— Нашли, тоже, где Шамбалу искать! — презрительно фыркнул Гуру. — Съездили бы, как я сказал, на Алтай, вот где и оленей, и пьяных охотников, которые, кого хошь, подстрелят, и не перекрестятся, завалом, и им, кстати, что Будда, что Кришна, без разницы! И не надо тут умничать, мамзель, пытаясь подловить меня на слове. Не на того напали, дамочка! Ишь, Будду с Кришной спутал, какая печалька! К вашему сведению, слово «будда» на санскрите означает «пробудившийся» или «прозревший». Что же, по-вашему, Кришна — спящий и слепой?! Вообще не вижу между ними особой разницы, по большому счету, поскольку, с точки зрения индуистских представлений, оба этих сморчка — аватары верховного божества Вишну, который есть абсолют! Так что, не надо ля-ля! Сами хороши! Это ж надо, угораздило искать Дваравати в Индийском океане, когда и ежу понятно: это слово имеет ярко выраженные славянские корни и свободно сопрягается с такими однокоренными русскими словами, как двор, вор, варево, ватник или порвать. Правда, в нашей старообрядческой традиции это волшебное местечко зовут иначе — Беловодочьем, — одарив фройлен Штайнер торжествующим взглядом, мол, не тот я парень, меня голыми руками не возьмешь, Гуру поднес к свету очередной стакан. — Я ж говорю, водка там — в Беловодочье — аки слеза. Прямо из реки ее черпай, в верхнем течении Катуни…

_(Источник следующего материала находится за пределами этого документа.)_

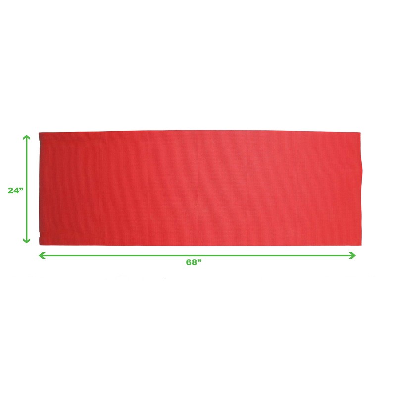 1/4” Thick All-Purpose Mat With high density foam material, the 1/4” premium mat comfortably cushions spine, hips, knees, and elbows on hard floor. Thicker than most other PVC mats on the market, The Mind Reader Yoga Mat will serve its purpose and provide maximum comfort and cushion for your workout routine. An Anti-Tear Yoga Exercise Mat With integrated anti-tearing net and high quality material, you may use this mat for all types of yoga poses and exercise routines without the worry of damaging the cushioned floor mat. Made with attention to details so that you can focus on your workout routine and get that body into tip-top shape. Extremely Easy To Clean The All-Purpose Mind Reader Exercise Mat is super easy to clean and maintain. The moisture resistant technology and superior quality material make the mat easy to wash with mild soap and water. Can be wiped down wipes like Lysol / Clorox or any other type of disinfectant wipe Carrying Handle Included Equipped with a carrying strap for your convenience. Easily bring your yoga exercise mat to the gym, pilates class, the park, or your friends house for a friendly workout session. When yoga mat is not in use, you can conveniently roll up the mat and store it in a utility closet for easy storing. Specifications Color: Red Material: PVC Assembly Required? No assembly is required. Dimensions: 68” L x 24” W x 0. 3” H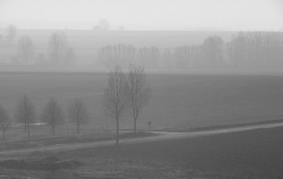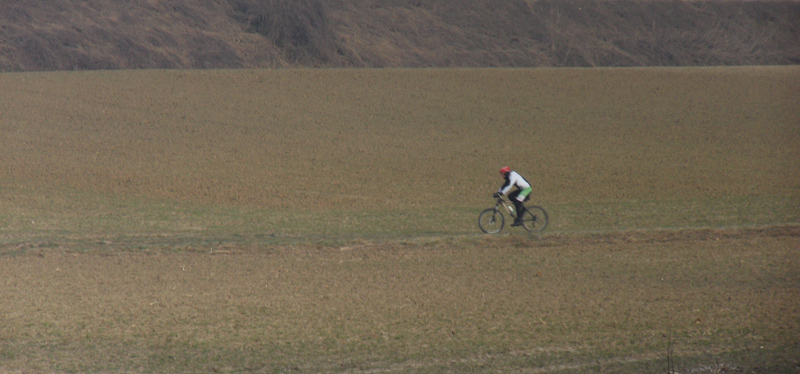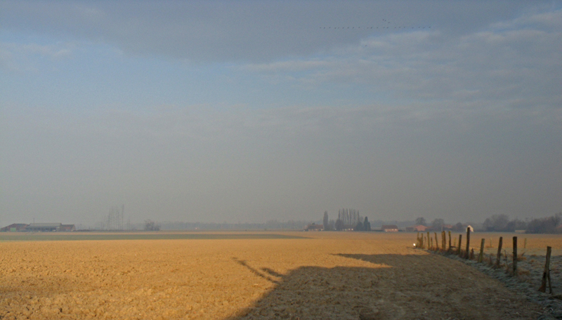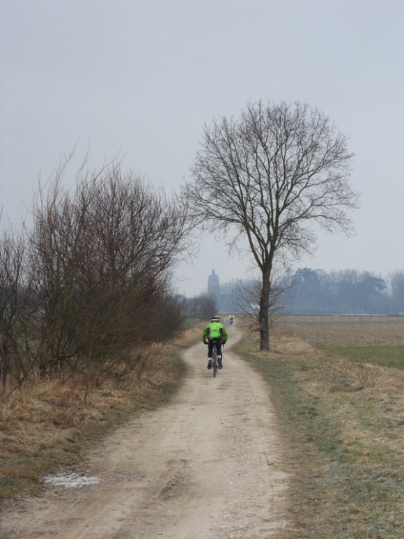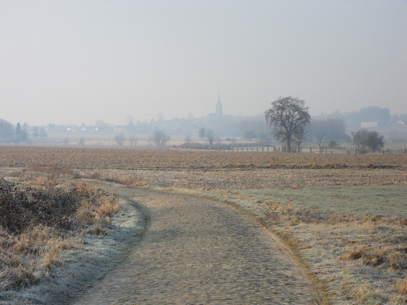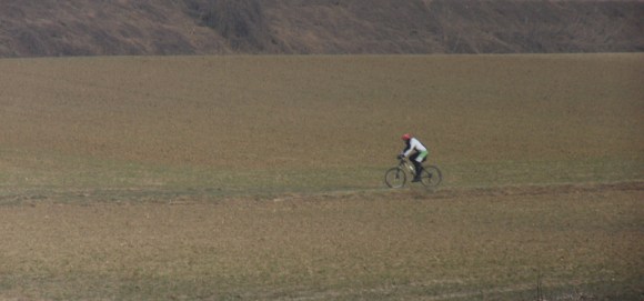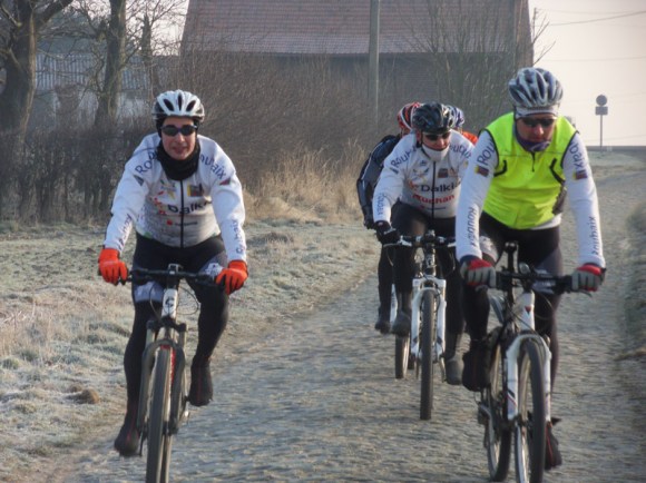 Cependant, une fois dans le vif du sujet cette tenue me donna toute satisfaction et c’est dans de bonnes conditions que je pus apprécier le circuit de quarante kilomètres. C’est un parcours varié qui passe et repasse par Mons en Pévèle. Routes pavées et chemins agricoles étaient très roulables ce matin, le sol étant dur sans être glissant. Le contraste était saisissant avec les chemins détrempés d’il y a un mois.

Выслушав эту тираду, Эльза Штайнер задохнулась от возмущения. Доктор Вбокданов чуть подался вперед.
— Не мелите чепухи, Вывих! — бросил он с вызовом. — К вашему сведению, я отбывал на Алтае ссылку. При царе-батюшке, разумеется. Я хорошо знаю те края. И что-то не припоминаю, чтобы горная речушка Кокса у поселка Усть-Кокс, откуда мне довелось ежедневно брать воду для ухи и чая, содержала алкоголь или наркотики! Хоть не стану спорить, вода в ней ледниковая, изумительной чистоты и превосходна на вкус…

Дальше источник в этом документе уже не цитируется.